Start of Dataset content

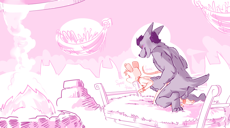 The wolf lets his head roll back and makes a satisfied growl as the sounds of fellatio grow wetter and more muffled. “Hmm, very astute. As I mentioned last night: you three gave the old court members a good scare. But now that they’ve had a minute to collect themselves and change their pants, you can bet they’ll come for you, demanding answers. I’d like for you to be prepared for when that happens.”
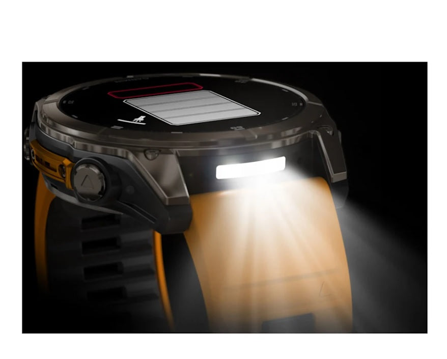 For serious athletes and adventurers who want to push beyond their limits, this premium multisport GPS smartwatch is built to perform — with advanced strength training features, dive capability, an internal speaker and mic for voice features, a built-in LED flashlight and more.
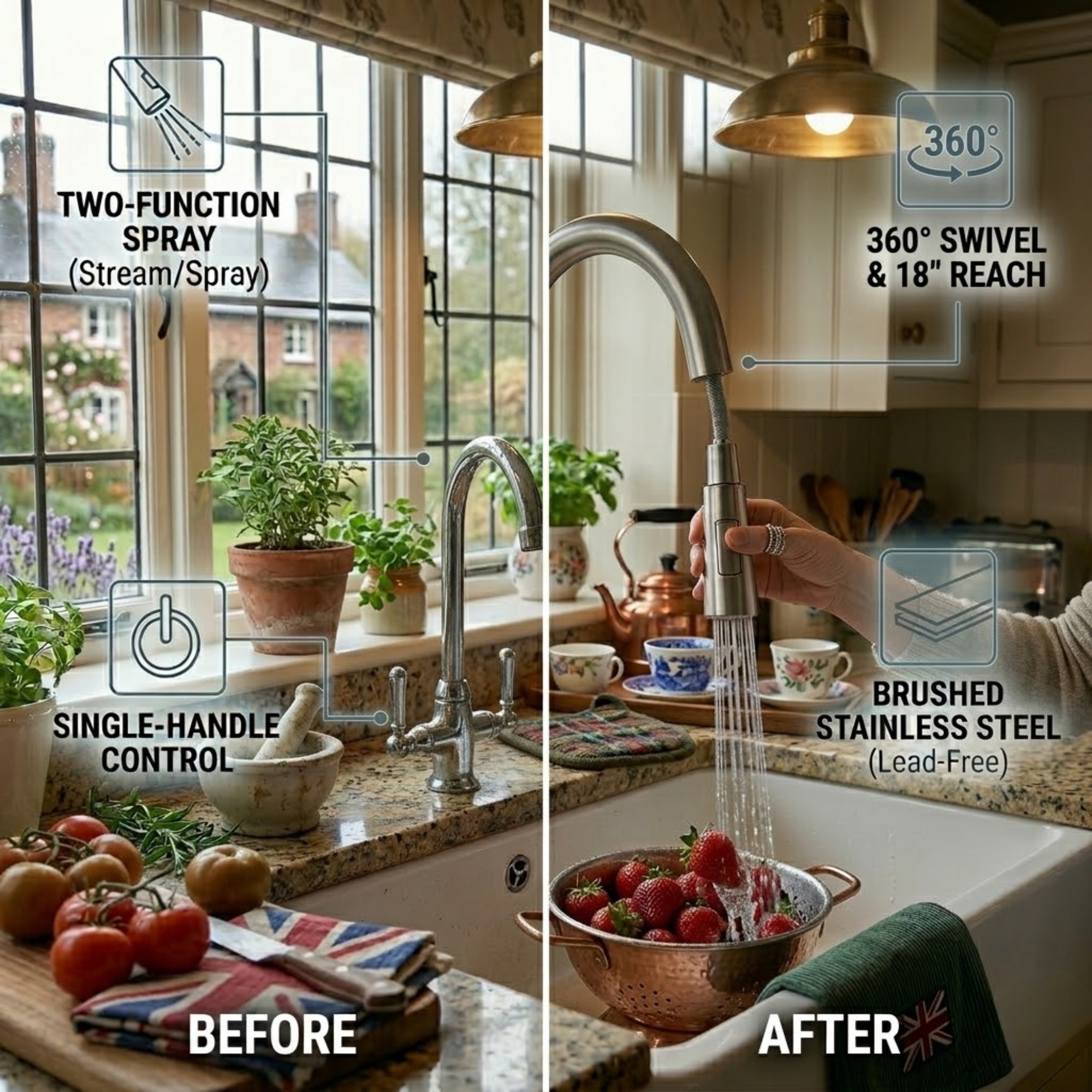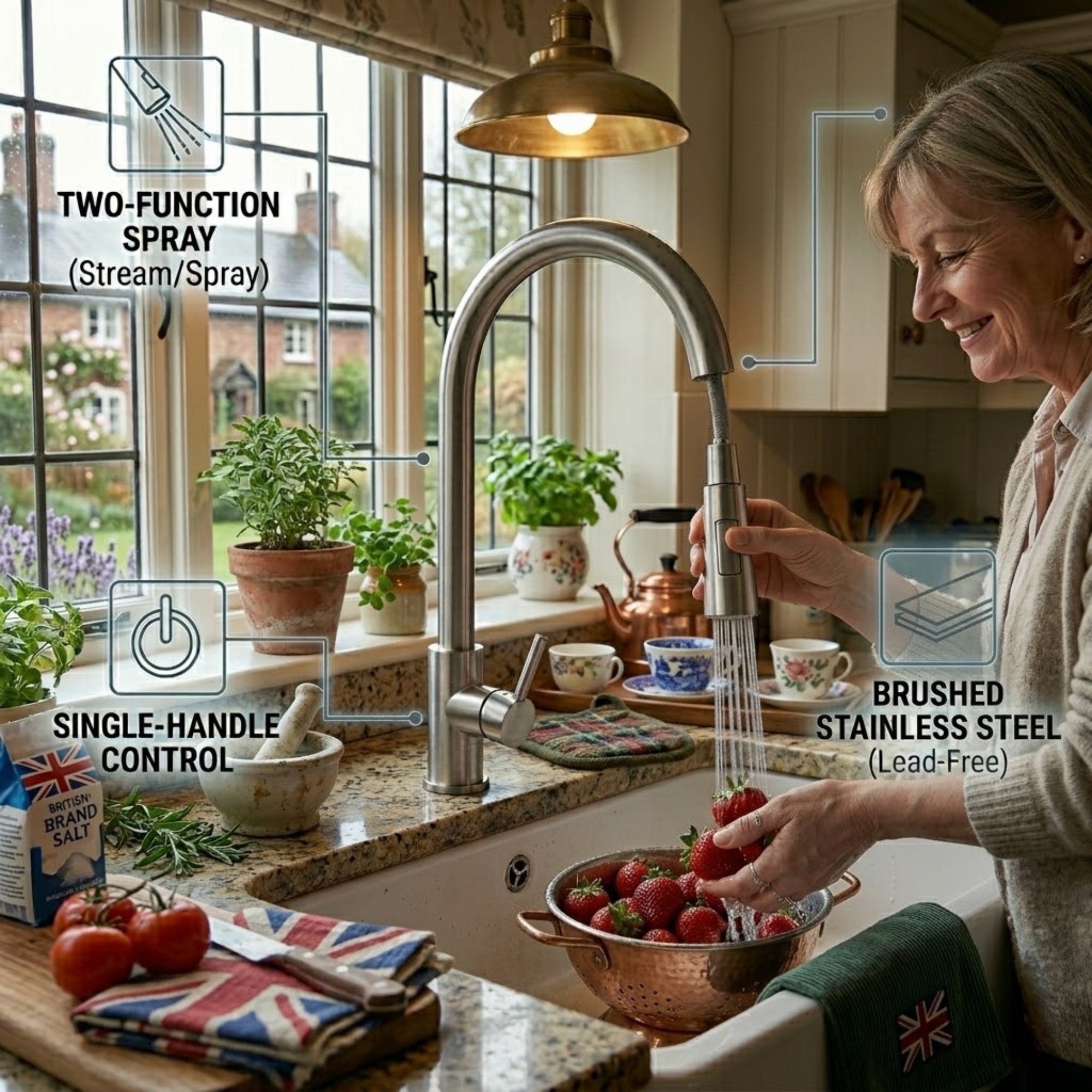 Experience the convenience of dual-mode water flow, switching between aerated stream and powerful spray at the touch of a button. Our gravity-retract hose glides smoothly, making cleaning large pots or rinsing vegetables effortless. Designed for quick DIY installation, this tap meets standard UK requirements, providing a sleek, high-end aesthetic without the premium showroom price tag.

End of Dataset content

== Work request ==
Without the pictures, repeat the listing above exactly.

== Output below ==
 The wolf lets his head roll back and makes a satisfied growl as the sounds of fellatio grow wetter and more muffled. “Hmm, very astute. As I mentioned last night: you three gave the old court members a good scare. But now that they’ve had a minute to collect themselves and change their pants, you can bet they’ll come for you, demanding answers. I’d like for you to be prepared for when that happens.”
 For serious athletes and adventurers who want to push beyond their limits, this premium multisport GPS smartwatch is built to perform — with advanced strength training features, dive capability, an internal speaker and mic for voice features, a built-in LED flashlight and more.
 Experience the convenience of dual-mode water flow, switching between aerated stream and powerful spray at the touch of a button. Our gravity-retract hose glides smoothly, making cleaning large pots or rinsing vegetables effortless. Designed for quick DIY installation, this tap meets standard UK requirements, providing a sleek, high-end aesthetic without the premium showroom price tag.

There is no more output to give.